*** Opening of Data extract ***

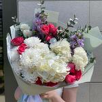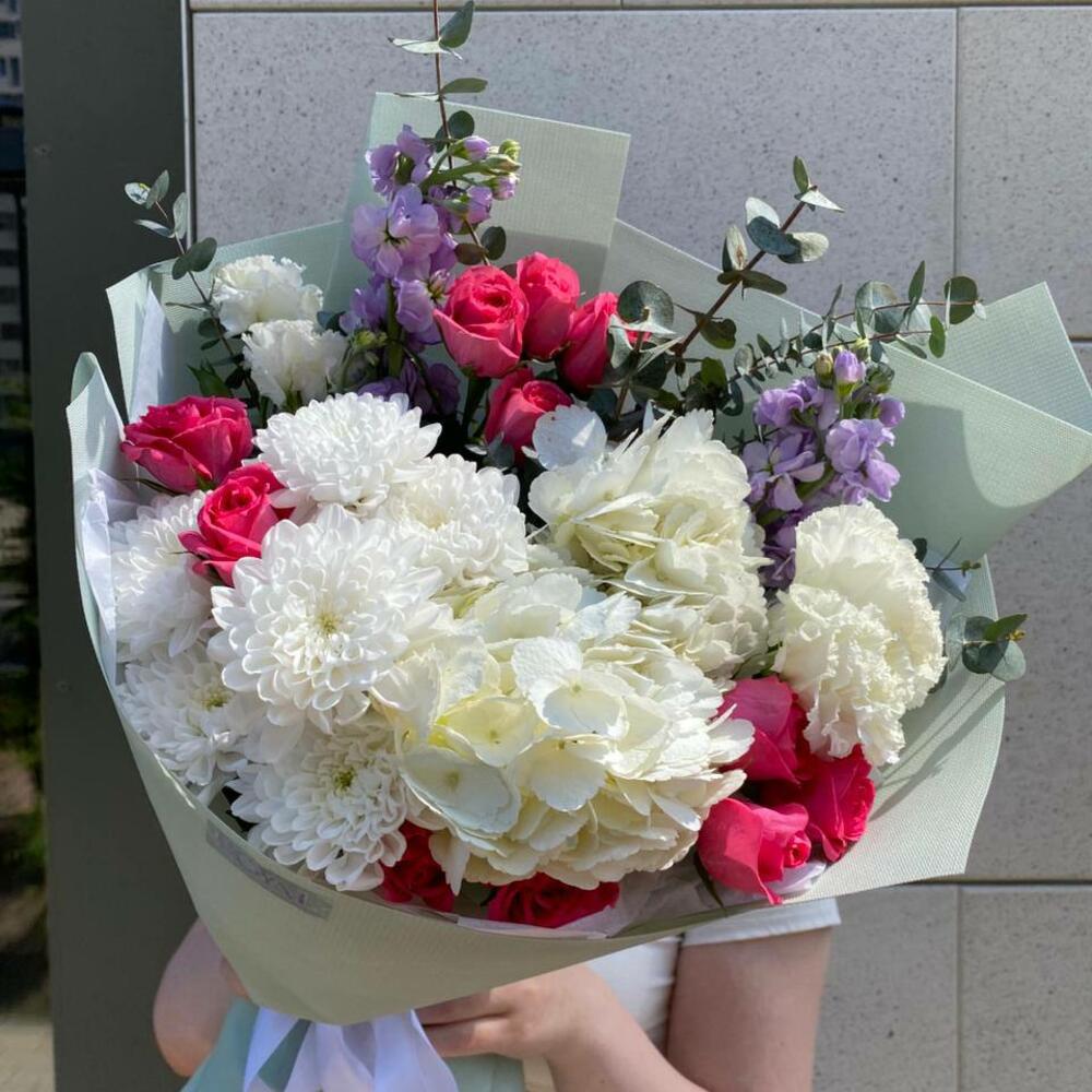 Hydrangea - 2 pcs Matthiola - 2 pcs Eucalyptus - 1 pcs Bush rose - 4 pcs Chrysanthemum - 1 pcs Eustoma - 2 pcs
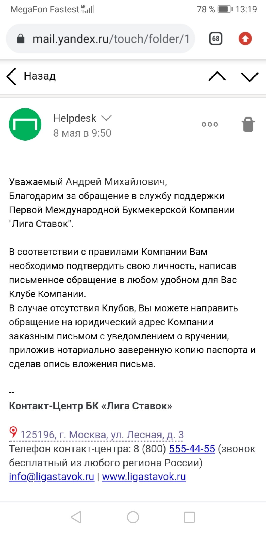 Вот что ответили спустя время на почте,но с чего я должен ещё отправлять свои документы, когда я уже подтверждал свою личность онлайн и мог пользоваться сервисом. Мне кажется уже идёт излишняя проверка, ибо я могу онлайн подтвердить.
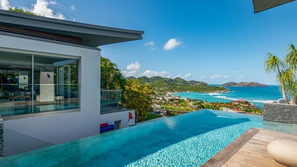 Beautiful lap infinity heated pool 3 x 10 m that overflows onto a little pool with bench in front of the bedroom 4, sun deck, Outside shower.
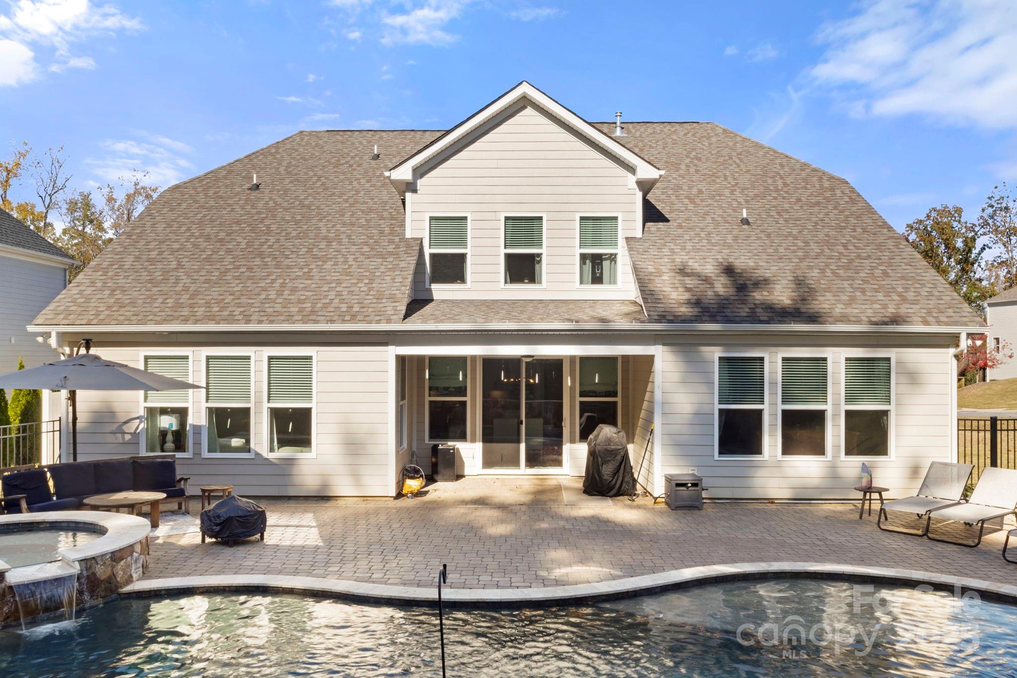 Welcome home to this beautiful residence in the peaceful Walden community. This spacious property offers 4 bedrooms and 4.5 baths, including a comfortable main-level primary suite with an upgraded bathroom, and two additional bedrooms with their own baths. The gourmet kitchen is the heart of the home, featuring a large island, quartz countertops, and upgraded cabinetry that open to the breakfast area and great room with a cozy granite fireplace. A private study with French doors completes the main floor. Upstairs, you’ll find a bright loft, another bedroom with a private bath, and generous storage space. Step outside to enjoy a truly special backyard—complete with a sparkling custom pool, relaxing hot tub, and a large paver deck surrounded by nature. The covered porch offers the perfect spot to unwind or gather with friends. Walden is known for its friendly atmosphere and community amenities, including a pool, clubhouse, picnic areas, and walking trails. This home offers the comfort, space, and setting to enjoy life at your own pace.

*** Close of Data extract ***

Give back the whole listing exactly, without pictures.

 Hydrangea - 2 pcs Matthiola - 2 pcs Eucalyptus - 1 pcs Bush rose - 4 pcs Chrysanthemum - 1 pcs Eustoma - 2 pcs
 Вот что ответили спустя время на почте,но с чего я должен ещё отправлять свои документы, когда я уже подтверждал свою личность онлайн и мог пользоваться сервисом. Мне кажется уже идёт излишняя проверка, ибо я могу онлайн подтвердить.
 Beautiful lap infinity heated pool 3 x 10 m that overflows onto a little pool with bench in front of the bedroom 4, sun deck, Outside shower.
 Welcome home to this beautiful residence in the peaceful Walden community. This spacious property offers 4 bedrooms and 4.5 baths, including a comfortable main-level primary suite with an upgraded bathroom, and two additional bedrooms with their own baths. The gourmet kitchen is the heart of the home, featuring a large island, quartz countertops, and upgraded cabinetry that open to the breakfast area and great room with a cozy granite fireplace. A private study with French doors completes the main floor. Upstairs, you’ll find a bright loft, another bedroom with a private bath, and generous storage space. Step outside to enjoy a truly special backyard—complete with a sparkling custom pool, relaxing hot tub, and a large paver deck surrounded by nature. The covered porch offers the perfect spot to unwind or gather with friends. Walden is known for its friendly atmosphere and community amenities, including a pool, clubhouse, picnic areas, and walking trails. This home offers the comfort, space, and setting to enjoy life at your own pace.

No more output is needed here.